Leader of Progressief Nederland in the House of Representatives
- Incumbent
- Assumed office 1 July 2026
- Preceded by: Post established

Leader of GroenLinks–PvdA in the House of Representatives
- In office 3 November 2025 – 1 July 2026
- Preceded by: Frans Timmermans
- Succeeded by: Post abolished

Leader of GroenLinks
- In office 12 May 2015 – 1 July 2026
- Preceded by: Bram van Ojik
- Succeeded by: Post abolished

Leader of GroenLinks in the House of Representatives
- In office 12 May 2015 – 27 October 2023
- Preceded by: Bram van Ojik
- Succeeded by: Post abolished

Member of the House of Representatives
- Incumbent
- Assumed office 17 June 2010

Personal details
- Born: Jesse Feras Klaver 1 May 1986 (age 40) Roosendaal, Netherlands
- Party: Progressief Nederland (since 2026)
- Other political affiliations: GroenLinks (2006–2026) Labour (2023–2026)
- Spouse: Jolein Klaver ​(m. 2013)​
- Children: 4
- Alma mater: Avans University of Applied Sciences
- Occupation: Politician, trade unionist
- Website: www.jesseklaver.nl

= Jesse Klaver =

Dutch politician (born 1986)

Jesse Feras Klaver (born 1 May 1986) is a Dutch politician who has served as leader of Progressief Nederland (PRO) in the House of Representatives since 2025, a member of the House of Representatives since 2010 and Leader of GroenLinks from 2015 until its merge into PRO. Prior to this, he chaired the youth union of the Christian National Trade Union Federation from 2009 to 2010.

==Early life==
Jesse Feras Klaver was born on 1 May 1986 in Roosendaal. His father has a Riffian-Moroccan background and his mother has a mixed Dutch and Indonesian background. He grew up in a social housing project without the presence of his father. His grandparents played a large role in his upbringing. Between 1999 and 2004, he attended the VMBO at the Waldorf school Michael College in Prinsenbeek.

Between 2006 and 2009, he was member of the board of DWARS, the youth organization of GroenLinks. First, he was duo-chair for organization matters, later he was secretary and then he was elected chair. As chair, he supported the "freedom-loving course set by Femke Halsema" against the more communitarian elements within the party. In addition to serving in this function, he studied social work at the Avans and the transition program for the master political science at the University of Amsterdam. He quit the transition program before finishing it.

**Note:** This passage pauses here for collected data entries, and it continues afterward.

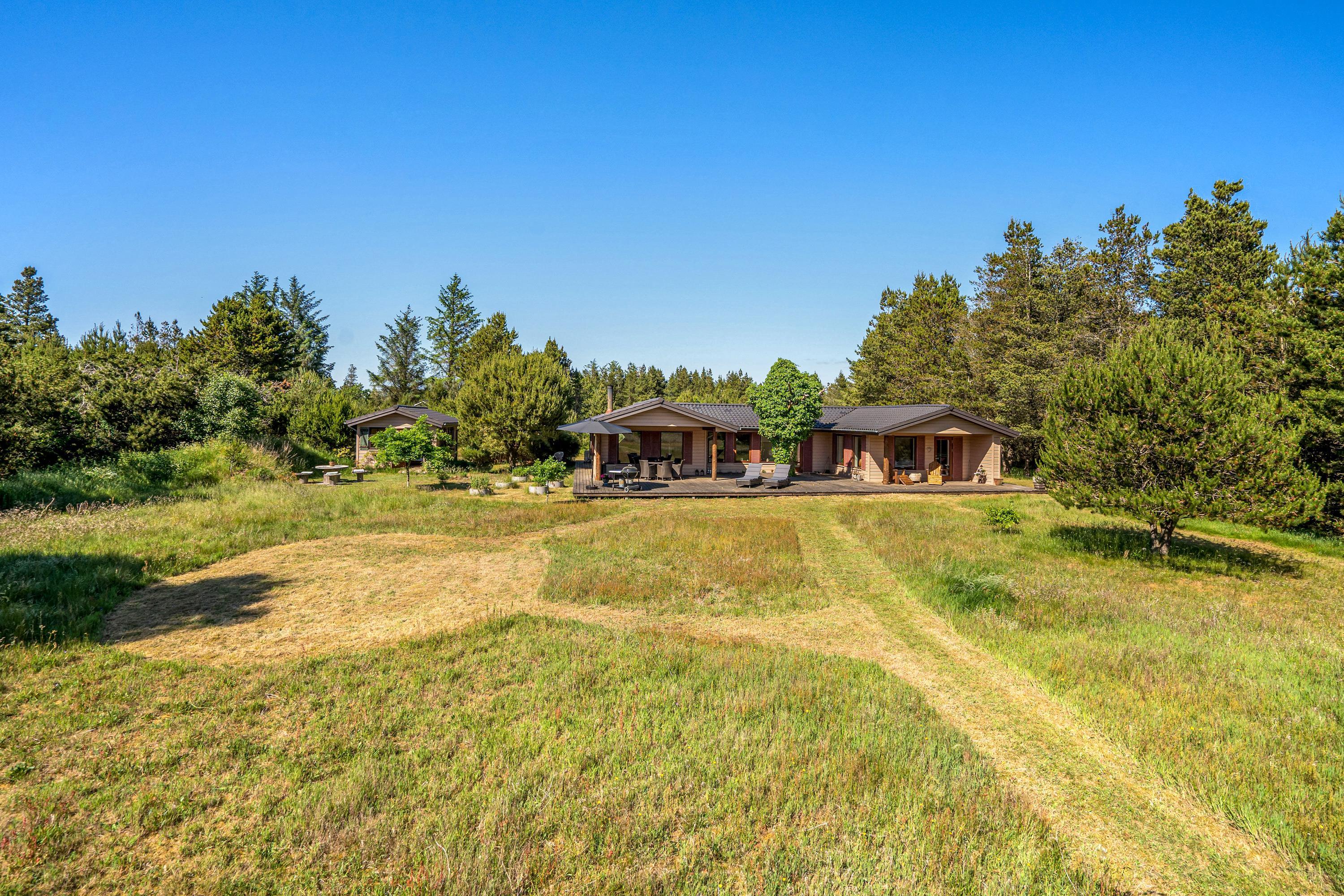 Fra sommerhuset på Sdr. Skovvej 5 er der kun 10 minutter i bil til butikker og gode spisesteder fx i Henne eller Nymindegab, og spiller du golf, kører mountainbike, rider eller har lyst til en tur i badeland, så har du også disse muligheder inden for 10 minutter, ligesom der generelt i området er masser af interessante udflugtsmål for hele familien. I stuens hyggelige bibliotekshjørne finder du generel information om området, samt kort og luftfotos over skønne vandrestier, bl.a. direkte fra huset gennem skov og uberørt klitlandskab til havet.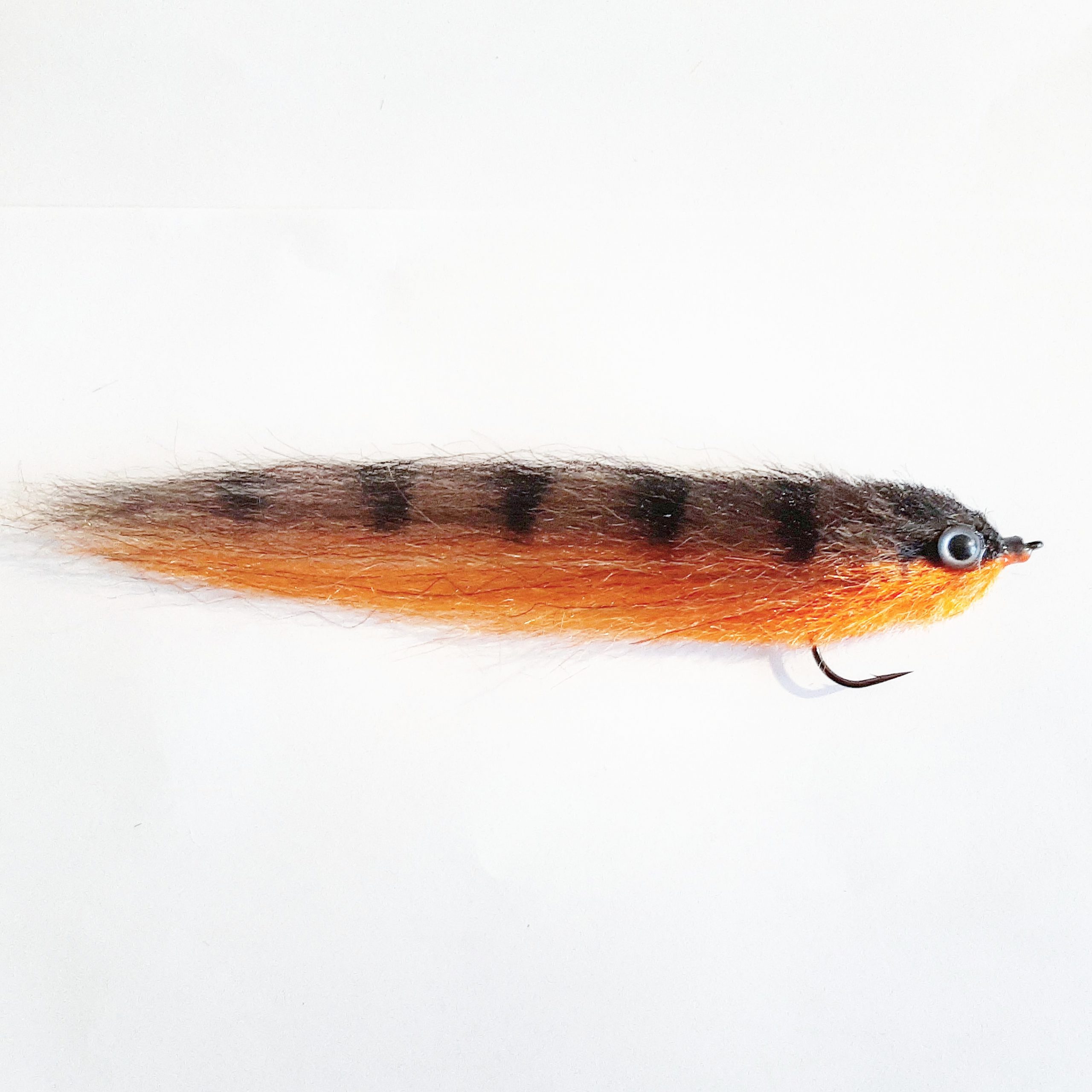 Pikestreamer made with Dyckers Fibers Soft Hot Orange & Dark Brown on a new Dyckers hook 6/0. Length: 19cm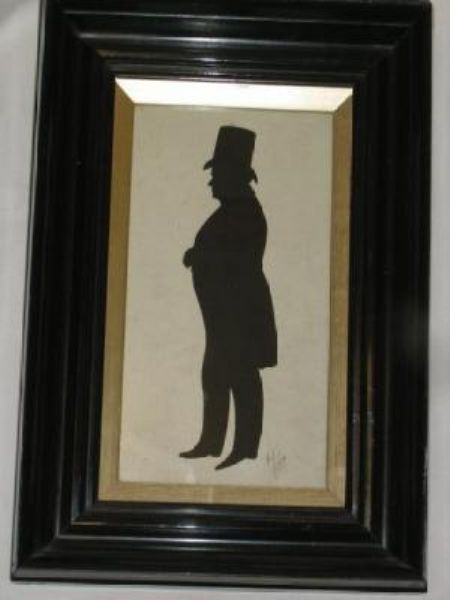 Silhouette portrait of gentleman, full length in top hat, profile to the left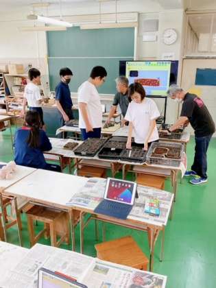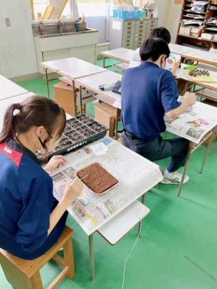 生物育成の授業では12月頃の開花を予定してポットに種まきをしています。観察記録は写真と作業の様子を描画してロイロノートで提出しています。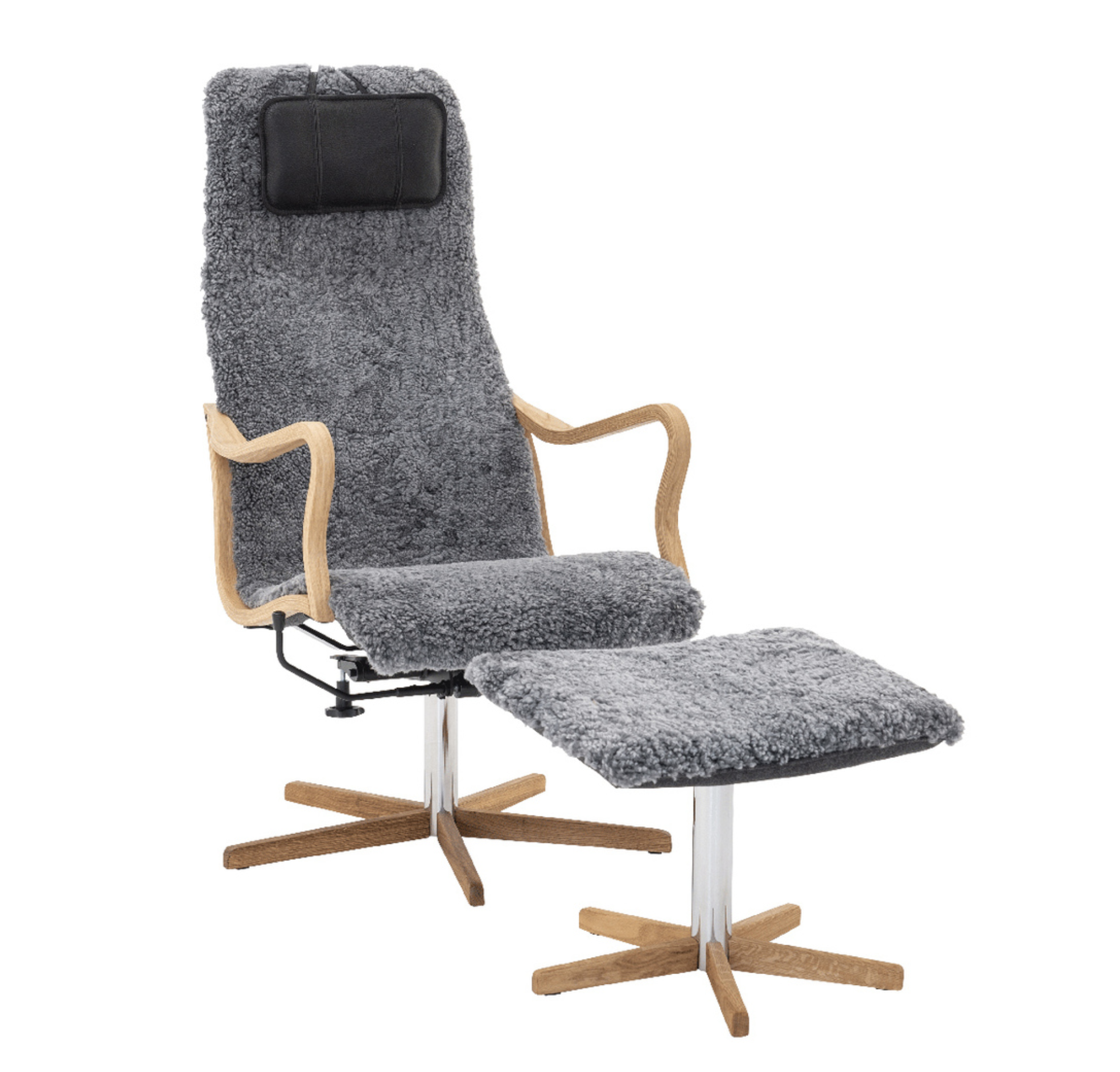 Bröderna Andersson – Chic fåtölj med pall, oljad ek med fårskinn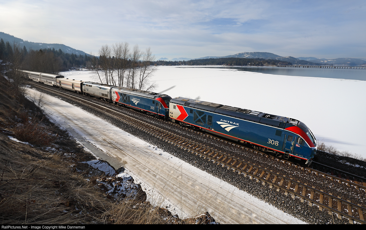 Normally arriving at Sandpoint, Idaho, at 2:20 a.m., Amtrak’s eastbound Empire Builder scurries through Algoma approaching Sandpoint a bit off the advertised at 10:10 a.m. on February 2, 2023. Amtrak ALC-42 Charger Nos. 308 and 300, along with GE P42DC No. 127, power the eastbound train along the frozen and snow-covered shore of Lake Pend Oreille.

On 17 September 2009, he was elected chair of the youth union of the CNV. As chair he announced he would put less emphasis on the Christian character of the CNV. He supported raising the retirement age to 67. On 1 December 2009, he was appointed to the Social and Economic Council. Being 23 years old, he was the youngest member ever to sit on this council. In addition to chairing the CNV youth union, he co-authored the 2010 GroenLinks election manifesto; he was member of the board of the Christian Social Youth Congress and he was founder of the climate NGO Youth Copenhagen Coalition.

==Political career==
In 2010, Klaver was placed seventh on the list of GroenLinks for the 2010 elections. GroenLinks won ten seats. Klaver became spokesperson social affairs, employment, education and sport. His maiden speech concerned higher education.

In 2010, he was nominated as "political talent of the year" by political journalists. For the 2012 elections Klaver headed the campaign team of GroenLinks and he was fourth on the list of candidates of GroenLinks. This was enough to be elected, as GroenLinks got exactly four seats. His TEDtalk in the late-night talk show Pauw & Witteman in January 2013, was chosen as the best of five young politicians.

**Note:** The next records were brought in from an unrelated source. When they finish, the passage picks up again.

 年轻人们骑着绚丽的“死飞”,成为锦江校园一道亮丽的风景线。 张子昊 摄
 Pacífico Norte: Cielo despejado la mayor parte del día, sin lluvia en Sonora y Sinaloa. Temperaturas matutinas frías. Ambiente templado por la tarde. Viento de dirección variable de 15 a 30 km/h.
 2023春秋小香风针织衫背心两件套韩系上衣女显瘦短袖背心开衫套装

In 2013, he co-authored the memo "Mooi Nederland" ("Beautiful Netherlands") with Lutz Jacobi (PvdA) and Stientje van Veldhoven (D66) which set out to protect nature, the landscape, flora and fauna. In 2013, he authored a private member's bill which through transparency sought to reduce food wastage. In 2014, he authored the proposal "Kansen voor kinderen voor het vmbo" ("Opportunities for Children in pre-vocational education").

Klaver received international attention for opposing tax evasion in 2013. Klaver co-authored the agreement on the student benefit with the minister of Education Jet Bussemaker and spokespersons of the VVD, D66, PvdA. He attended the inauguration of King Willem Alexander and took the oath "Zo Waarlijk helpe mij God almachtig".

On 12 May 2015, party leader Bram van Ojik announced that Klaver would be taking over party leadership effective immediately. Until then, Klaver had acted as a spokesperson for finance, agriculture, nature, animal welfare, education, culture and science. He is member of parliamentary committees on foreign affairs, defence, European affairs, economic affairs, finance, education, budgetary control, social affairs, health and procedural affairs.

Klaver continued to be GroenLinks' party leader during the Dutch general election of 2017. His party gained 10 seats, rising to an all-time high of 14, but in the 2021 election fell to 8. He was re-elected on the shared GroenLinks–PvdA list in November 2023, and he became the party's spokesperson on European affairs. When Frans Timmermans resigned as party leader of the alliance due to a disappointing election result in October 2025, the GroenLinks–PvdA group in the House of Representatives chose Klaver to succeed him as parliamentary leader. He retained that position after the two parties formally merged in 2026.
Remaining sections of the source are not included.